Donald Trump

Sherwood's Notebook: The Power(ball) of Hope

Well, Powerball fever should peak about the time you’re reading this.

The jackpot exceeded $1.3 billion at the start of the week.

Did you win on Wednesday? Probably not.

Your chance of winning for each ticket played was 292 million-to-1.

We repeat. The odds were 292 million-to-1. Don’t feel bad.

Even after Saturday’s inconclusive drawing for the big prize, people weren’t impressed with reports that some players had won $1 million and many others had won $50,000.

No, players who lose don’t waste time on smaller-prize winners, even if it is a million dollars. If you don’t win the big one, you’re a loser.

And even as people lusted — yes, lusted — after the outsized jackpot, people also were ignoring the $160 million jackpot in the weak sister Mega Millions game. The Notebook bets you didn’t even buy a ticket for that contest. Its odds of winning the top prize were only 252 million-to-1.

Why this outsized belief that we can win an outsized prize?

It’s fun to fantasize, pure and simple, and reality doesn’t have to intervene.

In a 2013 article, Associated Press reporter Sharon Cohen was blunt.

“The incredibly remote odds don’t really sink in for people,” she reported, quoting George Loewenstein, a professor of economics and psychology at Carnegie Mellon University.

Loewenstein has researched the motives underlying lottery ticket purchases.

“People don’t really understand probabilities at all,” he said in the 2013 report. “Once you have a bunch of zeroes, it doesn’t matter how many you have — one in 10,000, one in a million or one in a billion. ... People do understand the meaning of the word ‘largest.’ They overact to one dimension and underreact to the other.”

And Loewenstein said people also cling to a more romantic notion: Amazing things happen to others, so why not to me?

■ Speaking of long odds! The lottery fever fades with the reality of losing. So we turn to the equally long-shot chances of the Republican Party in the District.
There’s little hope any Republican will win this city’s three electoral votes. But, if you are so inclined, you could compete to be a D.C. delegate to the July 18 National Republican Convention in Cleveland.

It’s not a waste of time.

D.C. Republicans will pick 16 voting delegates and 16 alternates for the convention. That’s more delegates than Delaware or Vermont. It’s the same as Rhode Island and Hawaii.

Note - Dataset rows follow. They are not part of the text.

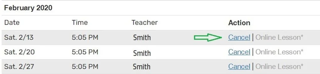 Click “Cancel” next to the lesson you would like to cancel.
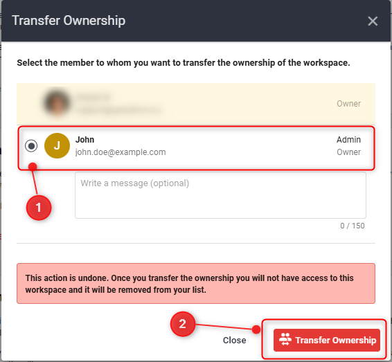 NOTE: Before transferring ownership of the workspace, ensure that the new owner is already a member of the workspace. Only existing members of your workspace can be designated as the new owner, See how to invite a member.
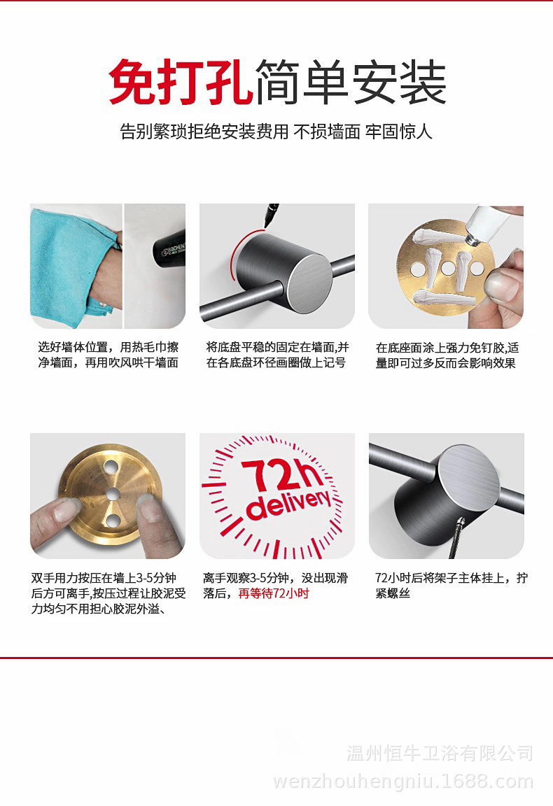 穴なしタオルラック304ステンレスバスタオルラック浴室棚モップラックトイレタオルバー単棒
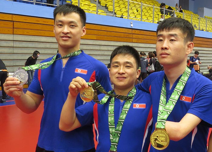 우리 나라와 인디아, 프랑스를 비롯한 10여개 나라와 지역에서 온 백수십명의 선수들이 참가하여 매우 치렬하게 진행된 이번 국제경기들에서 김영록, 박금진선수들은 금메달을 쟁취하여 온 나라 인민들에게 신심과 용기를 안겨주었다.
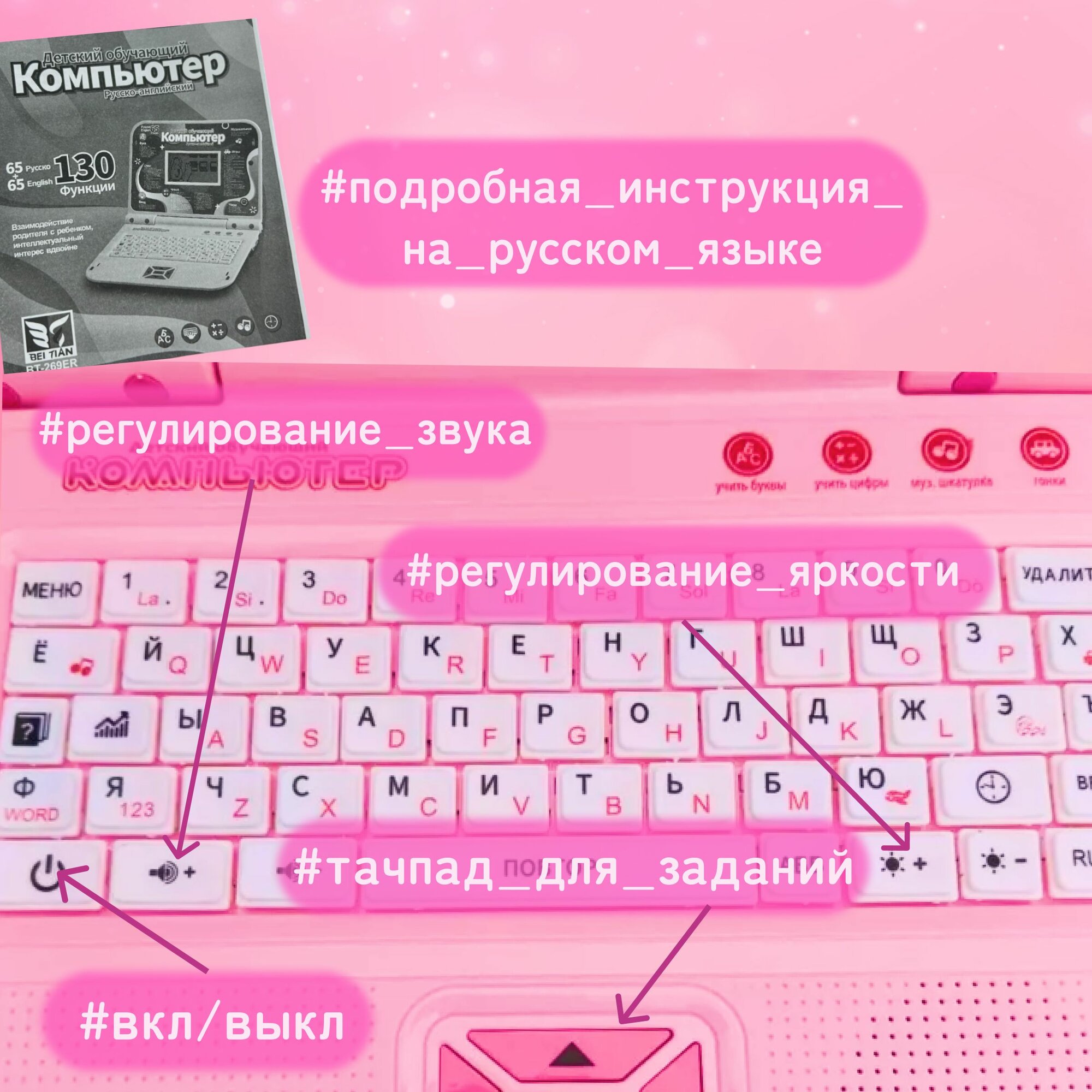 Ниже Вы можете прочитать отзывы на Детский обучающий ноутбук с мышкой 130 функций, ознакомится с подробными характеристиками, посмотреть интересные обзоры и фотографии на Детский обучающий ноутбук с мышкой 130 функций.
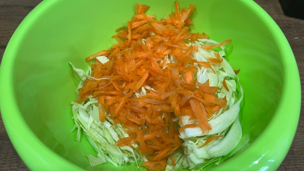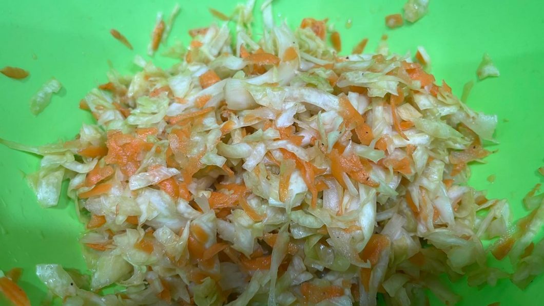 Капусту мелко шинкуем. Морковь натираем на крупной терке. Смешиваем. Добавляем соль и сахар, можно еще по желанию посыпать специями. Обминаем, пока руки не станут слишком влажными.

The city Republicans will pick delegates at a March 12 convention, where members will also select their preferred presidential candidate. The hotel site hasn’t yet been chosen. If you’re a registered Republican here, you have to collect only 25 signatures or pay $50 to become a delegate candidate. Currently, there are 60 people signed up to run for a delegate slot. The deadline to sign up is Feb. 12 at 5 p.m.

Local party official Patrick Mara says the city’s delegate total is nothing to sneeze at.
Given the potentially close national GOP convention, Mara told us, “We haven’t mattered as much since Frederick Douglass was alive and a delegate.”

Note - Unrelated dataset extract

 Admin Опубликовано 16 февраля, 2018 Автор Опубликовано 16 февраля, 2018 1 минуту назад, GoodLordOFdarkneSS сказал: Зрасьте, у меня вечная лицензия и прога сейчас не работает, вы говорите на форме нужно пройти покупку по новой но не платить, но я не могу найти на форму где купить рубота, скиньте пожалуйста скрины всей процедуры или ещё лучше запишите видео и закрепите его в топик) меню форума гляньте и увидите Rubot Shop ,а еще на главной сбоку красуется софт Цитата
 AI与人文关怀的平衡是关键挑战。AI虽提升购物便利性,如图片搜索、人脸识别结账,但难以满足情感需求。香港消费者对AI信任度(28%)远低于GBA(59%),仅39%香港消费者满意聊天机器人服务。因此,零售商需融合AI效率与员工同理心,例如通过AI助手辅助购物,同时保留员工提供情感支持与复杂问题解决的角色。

And the District is not winner-take-all. The 16 votes will be proportioned among the candidates.

Plus, there are three more voting delegates — one each for the local party chairman and the national committeeman and committeewoman. But those three must vote for the winner of the local convention.

There are 10 candidates who qualified to be considered at the city Republican convention. Rand Paul was the last. Based on nominating signatures, each candidate must pay $7,500 or up to $15,000 to be considered at the convention. That’s cheap compared to other jurisdictions. In South Carolina, you pay $40,000. It’s how the various parties pay their expenses.

Obviously some candidates may drop out, but those qualified for the D.C. convention right now are Paul, Ben Carson, Ted Cruz, Donald Trump, John Kasich, Carly Fiorina, Chris Christie, Jeb Bush, Marco Rubio and Rick Santorum. (The deadline to become a candidate was Jan. 4.)

If you have questions about becoming a delegate or helping the party’s convention, contact Patrick.Mara@dcgop.com.

■ 92 percent! What were the odds? Your Notebook wishes he could have written his own report cards in school. We’re certain that the grades and the comments would have been a lot more favorable that they actually were.

We bring this up because Mayor Muriel Bowser has issued a first-year report card on her administration. In a 44-page report, the mayor gives herself a grade of 92 percent on doing what she said she’d do in the first year.

“The mayor has either delivered, launched or prepared to launch 92% of the promises she committed to during the 2014/2015 Mayoral transition,” her office reported on Monday. “We laid the groundwork … for future growth and prosperity.”

In light of all of this, we give the Notebook a grade of 92 percent for knowing to stop here.


Tom Sherwood, a Southwest resident, is a political reporter for News 4.